Hey sisters,
My ex and I have been separated for 5 months now. He lives quite far away so he only visits one weekend a month. We have a daughter who is 1 and a half and she is starting to show some really negative emotions after talking to him. He face times her almost every weekday (we tried cutting it back to three days but she kept wanting more)
Last night she was up until almost 11pm walking around asking for dad.
She grabs my phone and passes it to me saying "daddy", and when I say "no, we aren't calling daddy again" she will hit me, scream at me, throw things at me and so on.
When he does call, she is barely interested and would rather watch TV or play with her toys.
I do understand she is young and can't understand/control her emotions but I am at a loss of what I can do to stop this behaviour.
Please any advice would be really helpful!
3 Replies
She misses her father. Its a big change for her. She might only be one, but she understands a lot more then you realize.
Did you and your ex seperate on amicable terms?
A one year old needs regular contact with both parents, if possible (and in child's best interest).

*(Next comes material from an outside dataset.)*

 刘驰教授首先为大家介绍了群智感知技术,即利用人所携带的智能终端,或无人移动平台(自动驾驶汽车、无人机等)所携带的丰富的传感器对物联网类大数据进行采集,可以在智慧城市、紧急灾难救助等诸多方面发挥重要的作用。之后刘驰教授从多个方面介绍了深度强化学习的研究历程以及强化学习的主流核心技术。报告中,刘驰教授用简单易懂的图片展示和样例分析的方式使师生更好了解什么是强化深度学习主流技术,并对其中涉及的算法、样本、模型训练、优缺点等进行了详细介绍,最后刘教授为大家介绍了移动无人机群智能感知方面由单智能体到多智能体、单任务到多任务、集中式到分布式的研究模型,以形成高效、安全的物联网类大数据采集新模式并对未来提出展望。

Try and make it a routine where she calls daddy every night at the same time. Make it apart of her bedtime routine so she can say goodnight to him.
If it becomes a routine, she'll be less likely to act out or be upset if its not 'daddy time'.

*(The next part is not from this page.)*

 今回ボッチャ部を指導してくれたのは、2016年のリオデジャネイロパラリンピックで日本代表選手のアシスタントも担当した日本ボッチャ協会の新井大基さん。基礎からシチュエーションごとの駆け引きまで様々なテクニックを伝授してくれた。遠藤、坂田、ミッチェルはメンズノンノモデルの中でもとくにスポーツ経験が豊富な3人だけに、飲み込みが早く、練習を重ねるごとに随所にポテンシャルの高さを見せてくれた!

Just give her a set time limit for each call.
Is it posssible for dad to visit evety fortnight instead of every month?
I understand there is a distance, but once a month is such a big gap for a young child.
Good luck, and just remember that your daughter needs some time to adjust to such a big change, but you'll all be fine soon enough.
Also, try to not use the word 'no'.
Try 'we can't call daddy right now, we'll call him _____'
My toddler acts the same way, with the hitting and acting out, when he's told no over anything. Explaining that he can do it later helps prevent tantrums almost every time.
And if he does hit, I do my best to ignore it. Most toddlers only hit because they know they'll get a reaction. If I react, he hits me more often. If I ignore it, he goes and sulks.
It's hard when they don't understand time. I used to say, not today. Very firmly and clearly. And tell her every day so she knows what's going on. until two days away you can say soon, then tomorrow, then daddy today!
When she wants to ring, do a fake call and say oh, daddy must be at work. Talk to her about where he is and what he's doing. Show her photos.